Пока он открывал своим ключом дверь, Рая успела шепнуть Антонине, что просто некрасиво идти ночью в дом малознакомого человека.

— Ну и не ходи, — ответила Антонина.

Рая сделала большие глаза, потом поджала губы и сказала, что в таком случае нарочно пойдет.

В огромной комнате, заваленной книгами, пахло табаком, нафталином и собаками.

В камине пылали смолистые поленья, от их треска в комнате было очень уютно и весело. Языки огня отражались в стеклах портретов, плясали на позолоте рам, на лаке рояля, на дубовой отполированной панели, которой была отделана комната.

Дези долго зевала и потягивалась, царапая когтями паркет, и ни за что не хотела показать, где щенята.

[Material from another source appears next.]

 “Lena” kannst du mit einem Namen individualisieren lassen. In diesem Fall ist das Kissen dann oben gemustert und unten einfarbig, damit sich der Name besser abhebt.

— Опять в нотах устроилась, ведьма, — сказал Аркадий Осипович и, как был, в шубе и в шапке, полез под большой рояль. — Держите! — крикнул он оттуда. — Это, кажется, Клин, это Большая Вихнера, это Бологое, это Любавь, это Малая Винтера. Пять, правильно?

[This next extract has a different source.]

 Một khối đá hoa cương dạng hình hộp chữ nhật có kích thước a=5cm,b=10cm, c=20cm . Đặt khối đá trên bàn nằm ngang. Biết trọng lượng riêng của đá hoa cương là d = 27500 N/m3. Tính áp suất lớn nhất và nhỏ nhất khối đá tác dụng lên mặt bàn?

— Правильно, — кричала Рая, — ух, какие хорошие… Породистые, да? — спрашивала она, повалившись со щенятами на ковер. — Большие-пребольшие. И кобели, и сучки, — бормотала она, — это кобелек, это тоже кобелек, а уж это сучка… Ах ты моя милая… У нас тоже собака была, но простая сука, и вот она ощенилась, — кричала Рая так, точно все оглохли, — мама боялась отличить, какие кобельки, а какие сучки, а я, представьте, сразу отличала и ничуточки не ошибалась. Но потом наша собака так злилась, что ужас, молока у нее, кажется, не было.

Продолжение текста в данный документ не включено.